The expected answer is a verbatim transcription of the lines below, beginning with the first and ending with the line that holds "Keywords: flower dahlia", without pictures.

Data extracted from a collection
§

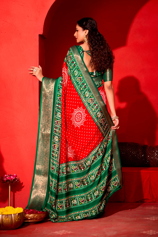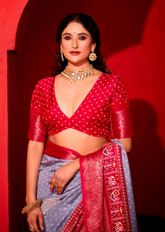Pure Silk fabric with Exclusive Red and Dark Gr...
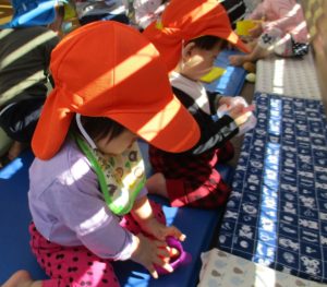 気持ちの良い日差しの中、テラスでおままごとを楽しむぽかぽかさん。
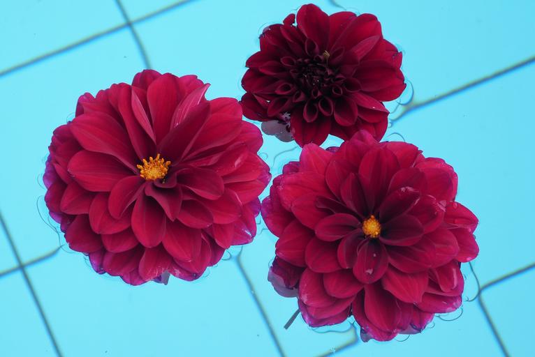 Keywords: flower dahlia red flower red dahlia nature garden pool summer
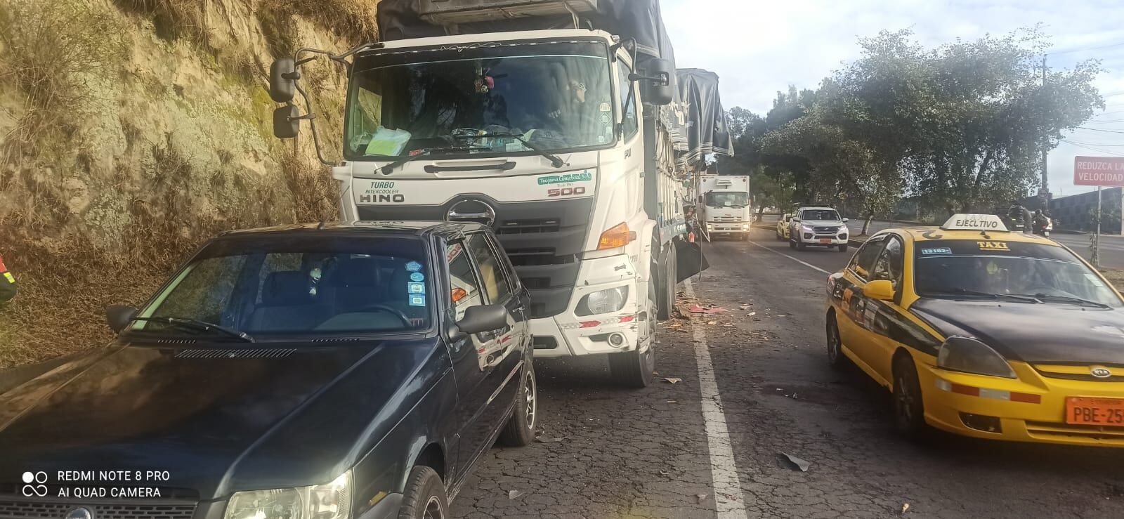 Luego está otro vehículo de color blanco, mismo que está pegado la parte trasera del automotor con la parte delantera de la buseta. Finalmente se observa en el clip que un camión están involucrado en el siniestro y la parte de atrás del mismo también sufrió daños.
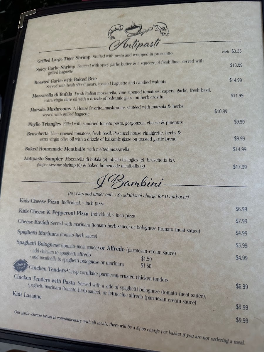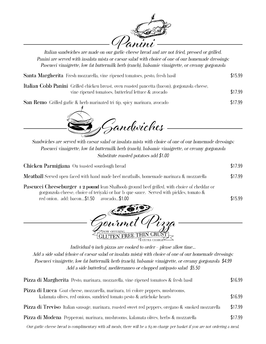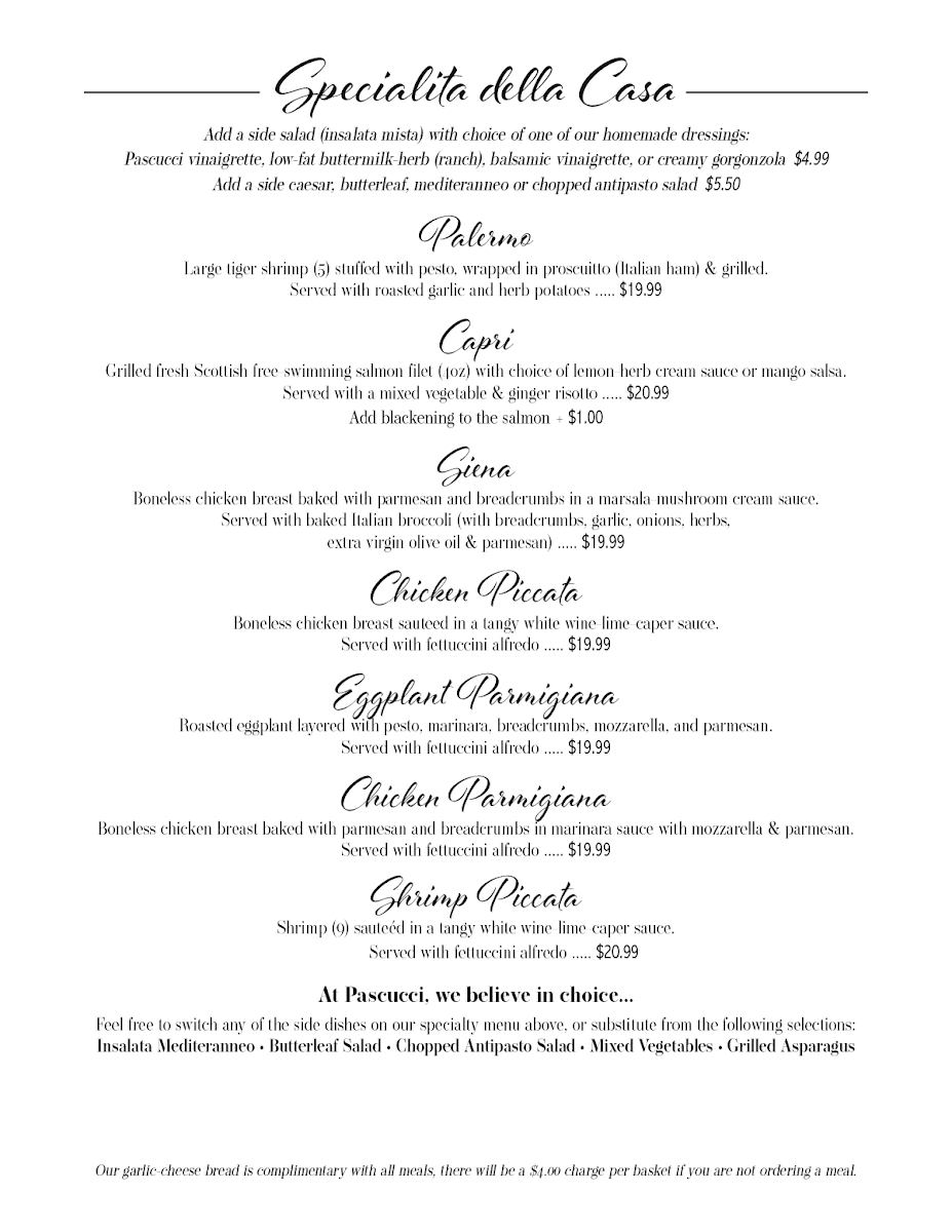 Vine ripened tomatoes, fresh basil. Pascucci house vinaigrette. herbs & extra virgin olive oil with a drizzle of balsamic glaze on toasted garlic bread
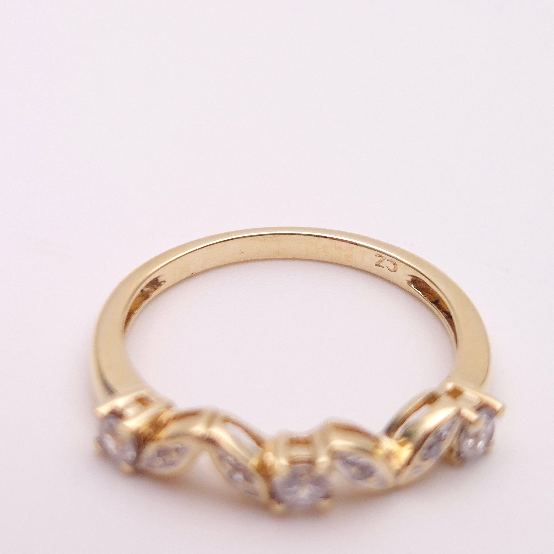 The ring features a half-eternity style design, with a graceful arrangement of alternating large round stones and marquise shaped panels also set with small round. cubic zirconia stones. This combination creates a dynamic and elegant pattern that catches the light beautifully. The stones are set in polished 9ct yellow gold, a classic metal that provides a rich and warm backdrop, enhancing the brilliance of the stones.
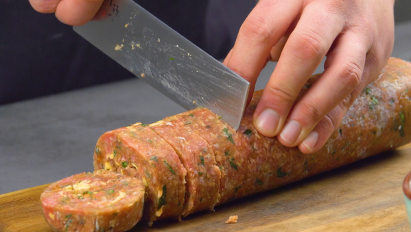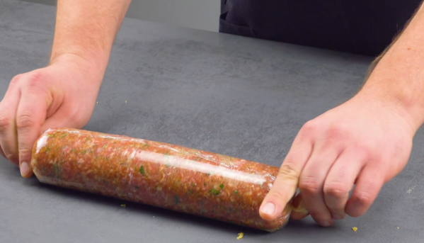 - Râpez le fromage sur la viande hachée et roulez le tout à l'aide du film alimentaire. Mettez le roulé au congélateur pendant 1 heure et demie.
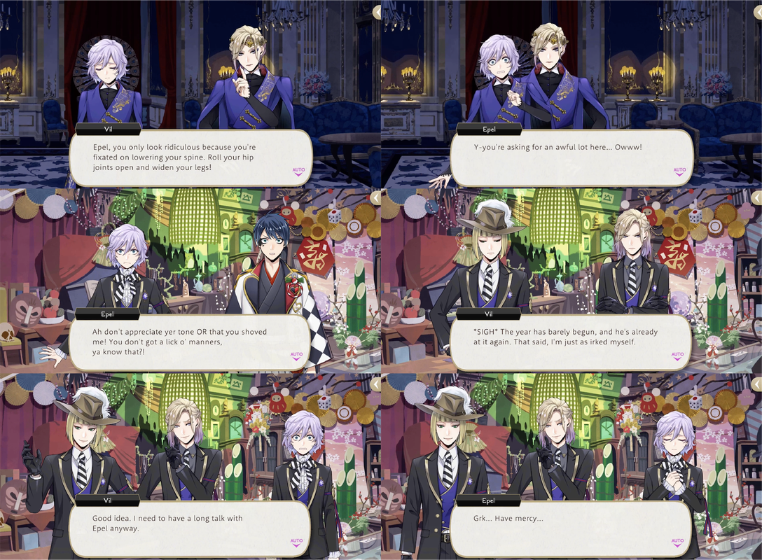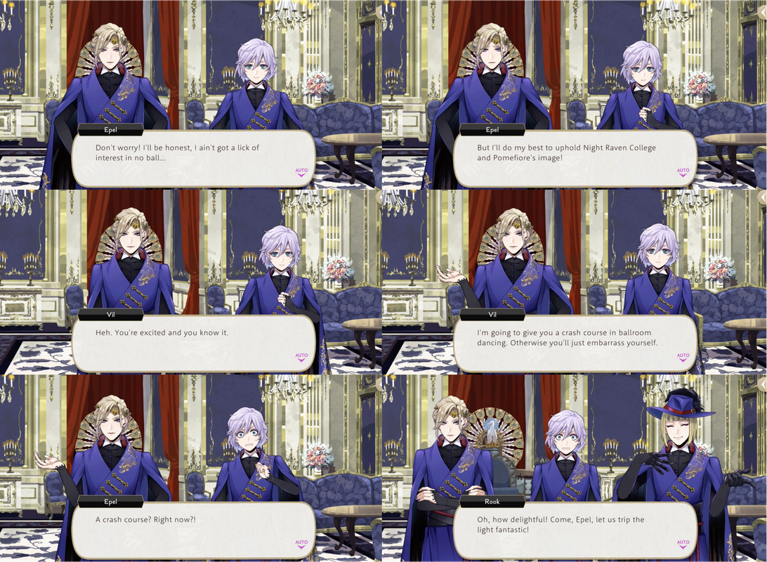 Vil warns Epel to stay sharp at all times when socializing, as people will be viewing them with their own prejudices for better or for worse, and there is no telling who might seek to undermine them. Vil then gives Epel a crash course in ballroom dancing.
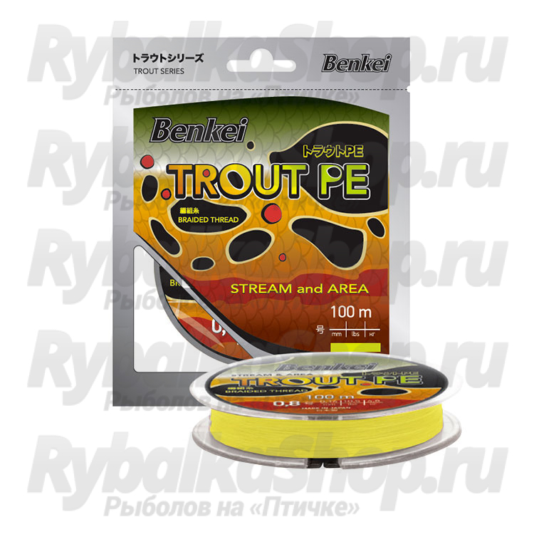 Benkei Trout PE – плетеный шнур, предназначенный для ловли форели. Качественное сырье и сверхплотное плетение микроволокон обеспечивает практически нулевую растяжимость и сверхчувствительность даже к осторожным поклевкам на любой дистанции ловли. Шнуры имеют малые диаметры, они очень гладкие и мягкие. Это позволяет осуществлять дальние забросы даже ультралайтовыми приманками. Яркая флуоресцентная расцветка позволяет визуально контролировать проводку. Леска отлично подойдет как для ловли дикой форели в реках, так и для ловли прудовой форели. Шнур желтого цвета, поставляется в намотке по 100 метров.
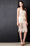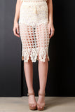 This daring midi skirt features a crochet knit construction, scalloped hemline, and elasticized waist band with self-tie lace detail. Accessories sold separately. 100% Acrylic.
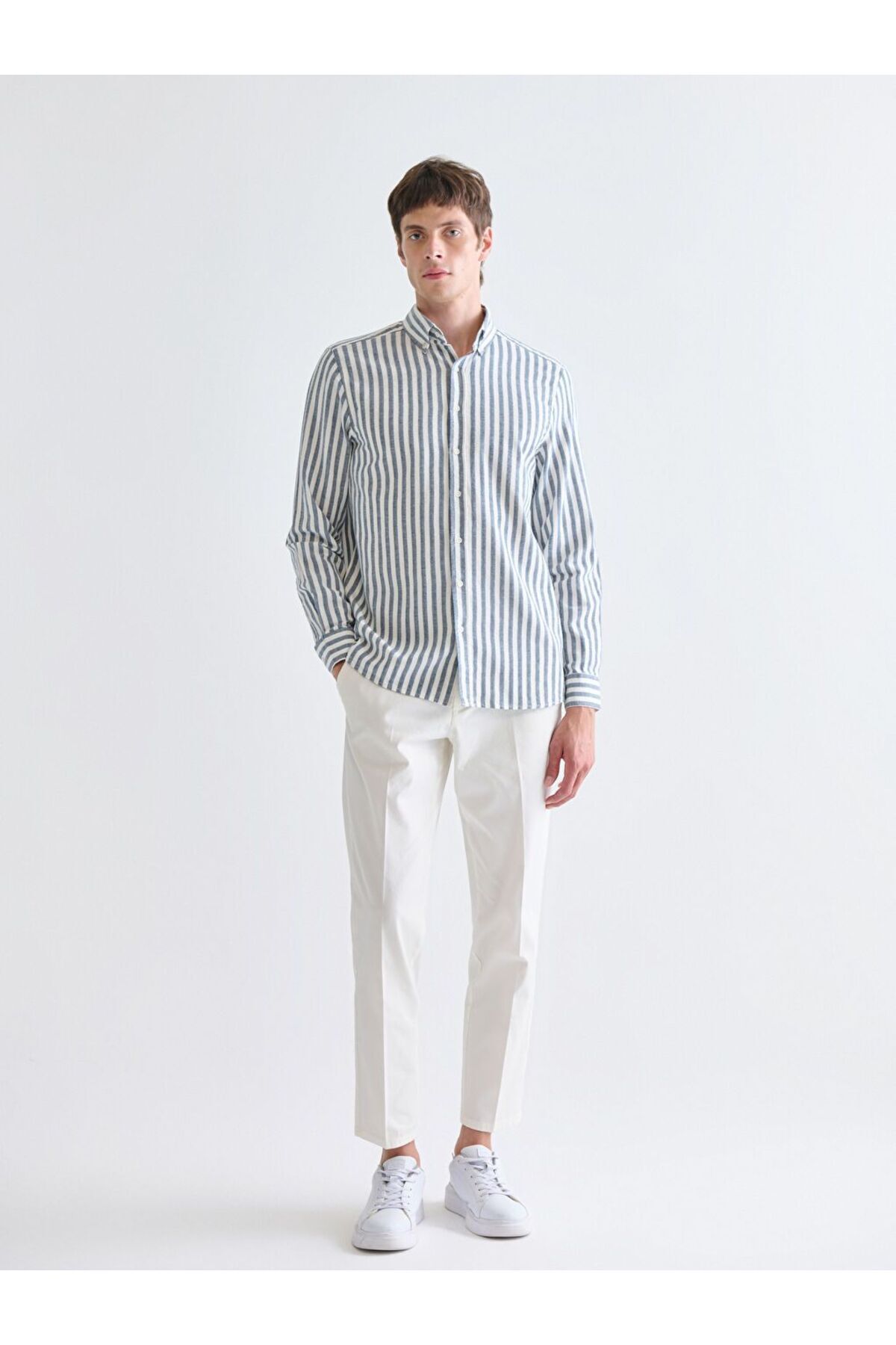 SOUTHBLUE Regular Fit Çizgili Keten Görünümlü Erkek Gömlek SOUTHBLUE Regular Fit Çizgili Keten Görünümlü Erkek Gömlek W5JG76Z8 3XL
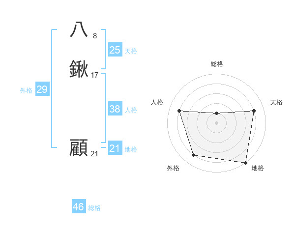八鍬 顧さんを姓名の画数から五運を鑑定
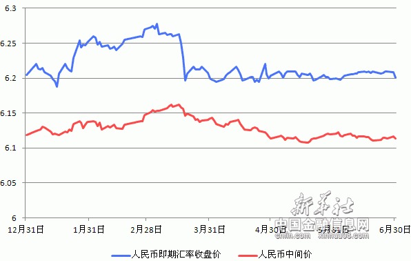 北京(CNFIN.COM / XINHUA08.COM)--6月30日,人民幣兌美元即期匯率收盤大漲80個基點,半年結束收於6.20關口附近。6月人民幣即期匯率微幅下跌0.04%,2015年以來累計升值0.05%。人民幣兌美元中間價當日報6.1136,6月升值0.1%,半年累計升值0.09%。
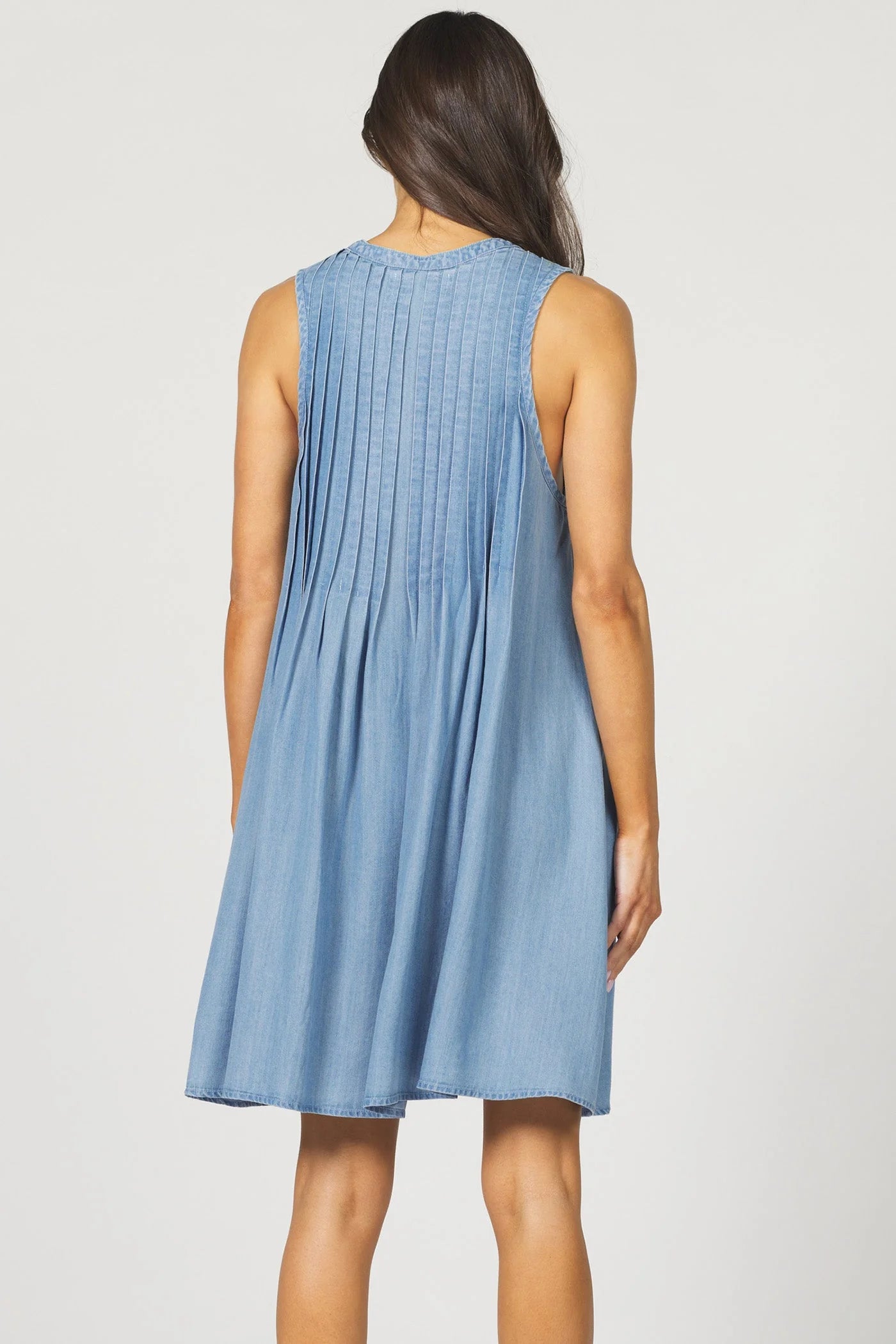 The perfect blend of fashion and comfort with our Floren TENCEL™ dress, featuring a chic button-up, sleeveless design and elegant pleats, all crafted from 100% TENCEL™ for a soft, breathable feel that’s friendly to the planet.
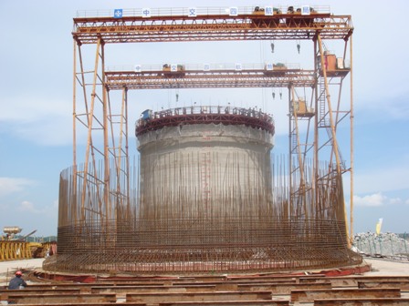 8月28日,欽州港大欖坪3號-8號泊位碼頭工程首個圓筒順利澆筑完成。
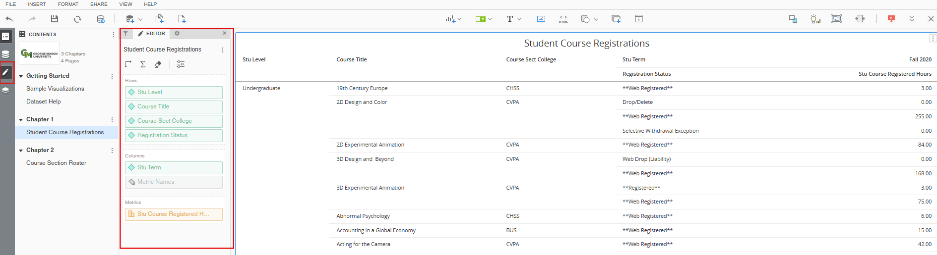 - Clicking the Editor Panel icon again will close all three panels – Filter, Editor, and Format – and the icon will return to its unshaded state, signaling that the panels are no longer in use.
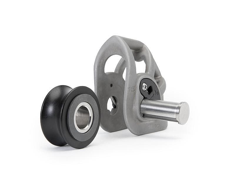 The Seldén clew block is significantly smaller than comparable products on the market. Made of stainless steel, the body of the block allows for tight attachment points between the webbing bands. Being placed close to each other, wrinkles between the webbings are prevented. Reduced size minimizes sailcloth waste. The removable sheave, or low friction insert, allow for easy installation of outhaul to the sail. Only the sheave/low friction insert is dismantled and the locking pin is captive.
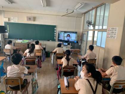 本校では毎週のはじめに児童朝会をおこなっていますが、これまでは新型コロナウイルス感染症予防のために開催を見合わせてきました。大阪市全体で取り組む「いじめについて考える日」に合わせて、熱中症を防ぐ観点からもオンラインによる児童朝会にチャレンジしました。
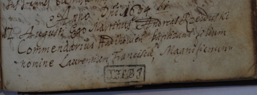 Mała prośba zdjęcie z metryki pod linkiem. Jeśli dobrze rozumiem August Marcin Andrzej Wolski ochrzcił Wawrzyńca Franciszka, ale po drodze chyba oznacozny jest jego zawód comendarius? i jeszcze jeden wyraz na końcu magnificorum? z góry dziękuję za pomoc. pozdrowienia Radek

§

> [Result of this exercise]:
Pure Silk fabric with Exclusive Red and Dark Gr...
 気持ちの良い日差しの中、テラスでおままごとを楽しむぽかぽかさん。
 Keywords: flower dahlia red flower red dahlia nature garden pool summer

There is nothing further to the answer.